6 different images for 6 cube sides

Attribution

  1. image1.jpg - Stockton Street Tunnel in Chinatown, SF (Google Maps).
  2. image2.jpg - Ring Nebula (Webb Space Telescope, NASA).
  3. image3.jpg - Lakeith Stanfield (Ryan Pfluger—The New York Times/Redux).
  4. image4.jpg - Aprilia Tuono 457.
  5. image5.jpg - La Bufa in Guanajuato, MX (my photo).
  6. image6.jpg - Flag of Oakland, California (Wikipedia).

Let’s get out of here – index4.html

For my 4th version, I switched to ChatGPT and used the same approach. It works better, but is still only about 80% accurate. Double click the cube to roll it 🔈:

At this point, the code was out of my control. The app had multiple functions to detect the resulting face 😱 and, I had questions I could not answer:

  1. Were user view and camera view the same thing? I thought they were – so why would the function read the result of the roll so differently than my eyeballs did?
  2. What is negative z-index?
  3. What the nut 🌰 is all this trigonometry and these transformations?

This is when I threw in the towel:

1
2
3
4
5
6
7
8
9
10
11
12
13
14
15
    // In view space, camera looks down -Z (common OpenGL convention).
    // So "most visible" means normal points most toward camera = most NEGATIVE z.
    let bestN = faces[0].n;
    let bestScore = Infinity; // we want smallest z

    for (const f of faces) {
      const tv = multMatVec3(m, f.v);  // transformed normal (approx; ok for pure rotations)
      const z = tv[2];

      if (z < bestScore) {
        bestScore = z;
        bestN = f.n;
      }
    }
    return bestN;

I know that I could understand the spatial math and the camera conventions if I set my mind to it. :)
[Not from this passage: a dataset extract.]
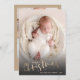 Os anúncios de natalidade sobre o tema das festas elegantes apresentam sua foto favorita de recém-nascido na frente com as saudações Feliz Natal e seus nomes. As estatísticas de natalidade do seu bebê e 3 fotos nas costas. ALTERE a cor de fundo no verso com as nossas ferramentas Editar.

But, I’m not that programmer. I help students explore game mechanics and experiment with novel digital instruments for storytelling and interaction. In the end, I like to know what’s in the weeds, but that’s not where I live. I’m now going to learn what we can build with just Twine!

I spent less than 24 hours on these experiments (and the writeup).

This post is licensed under CC BY 4.0 by the author.